▶ _YOUR ASSIGNMENT_: Only one span is wanted from the lines below: from the one with "吕布,久胜战神 干将莫邪,末日机甲 孙尚香,乘龙·淬吴" up to and including the one with "내부적으로 사용하는 것이다.". Copy it exactly, without images.

▶ _RECORDS FOR THE EXERCISE_:
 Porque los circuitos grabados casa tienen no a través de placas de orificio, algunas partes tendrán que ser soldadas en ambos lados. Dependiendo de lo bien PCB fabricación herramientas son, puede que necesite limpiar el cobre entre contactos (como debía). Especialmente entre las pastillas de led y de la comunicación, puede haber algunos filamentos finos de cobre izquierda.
--
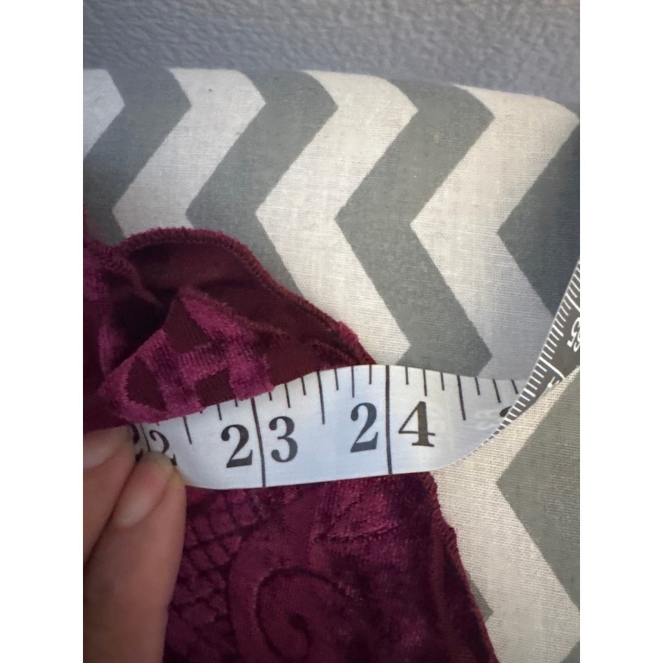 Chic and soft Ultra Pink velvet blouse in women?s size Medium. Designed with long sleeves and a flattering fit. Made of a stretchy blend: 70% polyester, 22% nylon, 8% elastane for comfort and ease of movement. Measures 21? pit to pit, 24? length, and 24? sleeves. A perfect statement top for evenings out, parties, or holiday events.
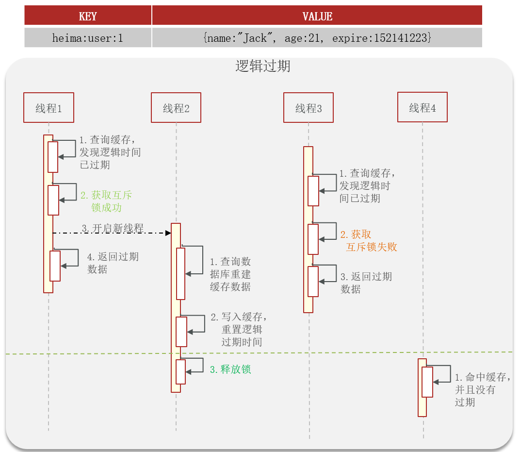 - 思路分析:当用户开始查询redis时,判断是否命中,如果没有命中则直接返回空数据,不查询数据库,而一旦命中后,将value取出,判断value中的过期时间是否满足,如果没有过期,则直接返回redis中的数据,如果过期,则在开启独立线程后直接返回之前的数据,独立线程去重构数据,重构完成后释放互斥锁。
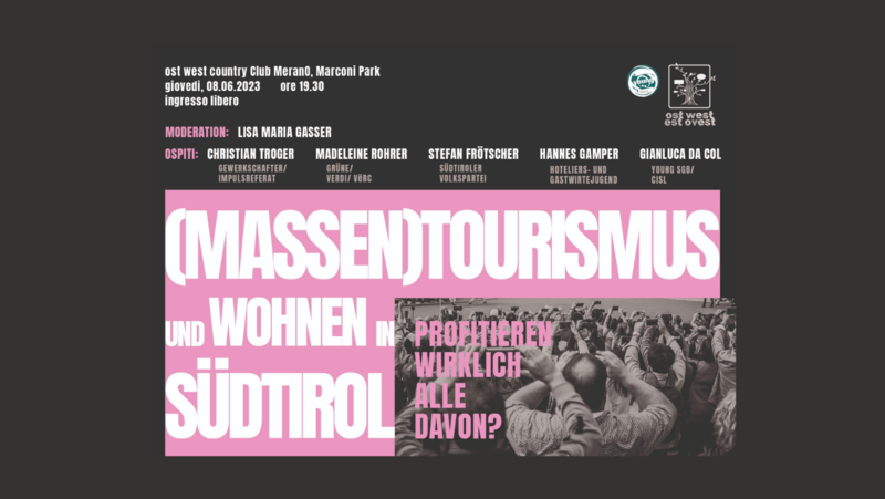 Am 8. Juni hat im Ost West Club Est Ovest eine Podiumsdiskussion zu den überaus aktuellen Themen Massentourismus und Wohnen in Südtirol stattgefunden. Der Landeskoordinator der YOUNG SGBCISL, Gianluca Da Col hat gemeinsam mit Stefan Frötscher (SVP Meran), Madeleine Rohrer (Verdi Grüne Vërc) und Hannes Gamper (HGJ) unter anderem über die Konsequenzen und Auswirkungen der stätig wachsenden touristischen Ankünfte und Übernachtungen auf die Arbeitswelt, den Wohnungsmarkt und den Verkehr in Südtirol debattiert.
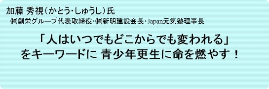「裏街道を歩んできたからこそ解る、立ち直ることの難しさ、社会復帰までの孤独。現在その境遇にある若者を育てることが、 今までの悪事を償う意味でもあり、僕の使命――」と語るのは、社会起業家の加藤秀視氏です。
--
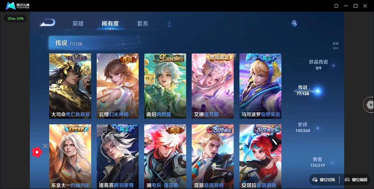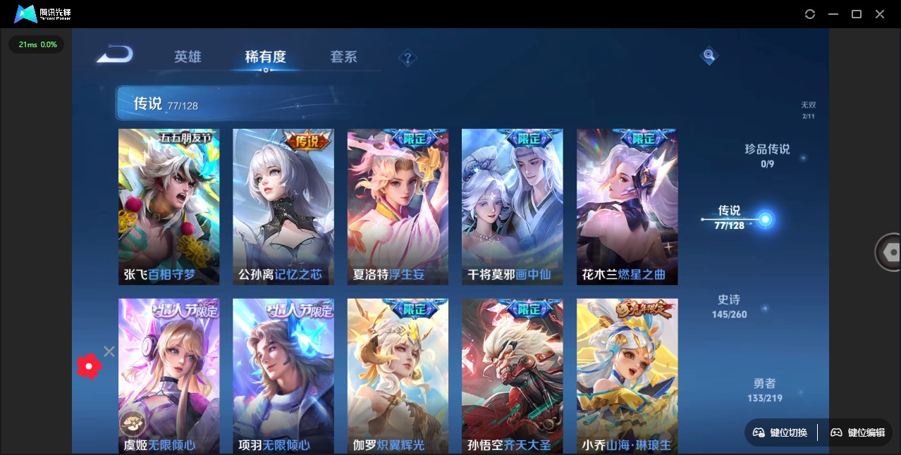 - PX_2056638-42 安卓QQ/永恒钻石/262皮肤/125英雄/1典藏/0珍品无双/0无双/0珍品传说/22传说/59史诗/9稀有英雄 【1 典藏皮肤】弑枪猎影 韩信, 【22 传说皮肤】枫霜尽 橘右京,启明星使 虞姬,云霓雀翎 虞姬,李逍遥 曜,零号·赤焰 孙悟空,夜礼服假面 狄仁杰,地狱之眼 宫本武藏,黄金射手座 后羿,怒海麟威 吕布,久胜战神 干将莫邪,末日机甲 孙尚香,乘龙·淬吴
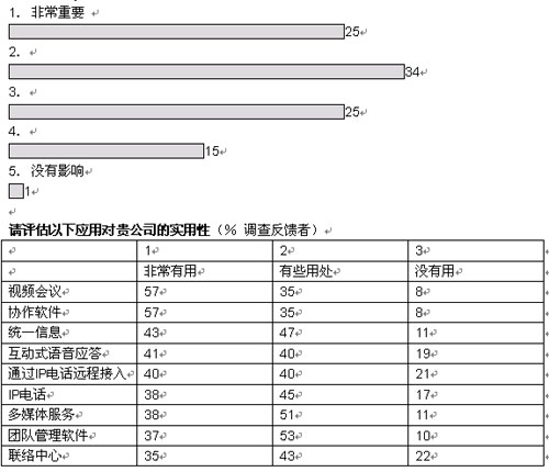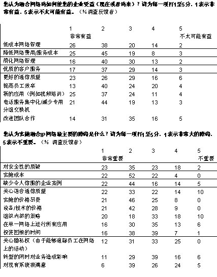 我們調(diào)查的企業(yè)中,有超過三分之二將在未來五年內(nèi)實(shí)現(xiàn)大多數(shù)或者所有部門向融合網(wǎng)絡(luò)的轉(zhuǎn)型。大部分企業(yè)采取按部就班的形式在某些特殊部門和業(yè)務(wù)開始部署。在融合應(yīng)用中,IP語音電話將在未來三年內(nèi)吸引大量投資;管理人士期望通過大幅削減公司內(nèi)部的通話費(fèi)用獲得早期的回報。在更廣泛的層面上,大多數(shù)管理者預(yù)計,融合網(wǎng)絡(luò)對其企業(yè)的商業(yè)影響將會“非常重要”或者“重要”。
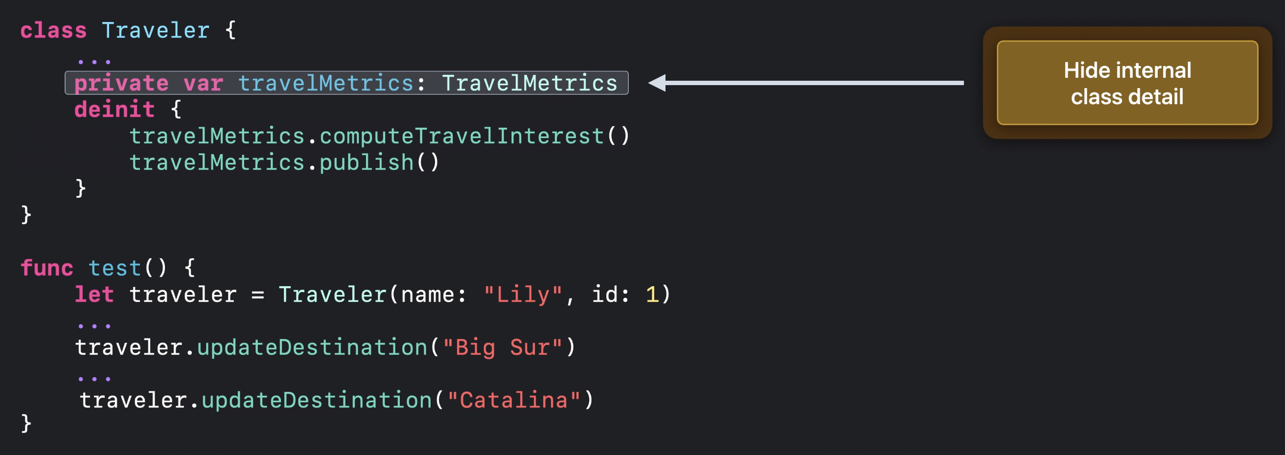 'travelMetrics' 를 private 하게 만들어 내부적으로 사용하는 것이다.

▶ _TASK RESULT_:
 - PX_2056638-42 安卓QQ/永恒钻石/262皮肤/125英雄/1典藏/0珍品无双/0无双/0珍品传说/22传说/59史诗/9稀有英雄 【1 典藏皮肤】弑枪猎影 韩信, 【22 传说皮肤】枫霜尽 橘右京,启明星使 虞姬,云霓雀翎 虞姬,李逍遥 曜,零号·赤焰 孙悟空,夜礼服假面 狄仁杰,地狱之眼 宫本武藏,黄金射手座 后羿,怒海麟威 吕布,久胜战神 干将莫邪,末日机甲 孙尚香,乘龙·淬吴
 我們調(diào)查的企業(yè)中,有超過三分之二將在未來五年內(nèi)實(shí)現(xiàn)大多數(shù)或者所有部門向融合網(wǎng)絡(luò)的轉(zhuǎn)型。大部分企業(yè)采取按部就班的形式在某些特殊部門和業(yè)務(wù)開始部署。在融合應(yīng)用中,IP語音電話將在未來三年內(nèi)吸引大量投資;管理人士期望通過大幅削減公司內(nèi)部的通話費(fèi)用獲得早期的回報。在更廣泛的層面上,大多數(shù)管理者預(yù)計,融合網(wǎng)絡(luò)對其企業(yè)的商業(yè)影響將會“非常重要”或者“重要”。
 'travelMetrics' 를 private 하게 만들어 내부적으로 사용하는 것이다.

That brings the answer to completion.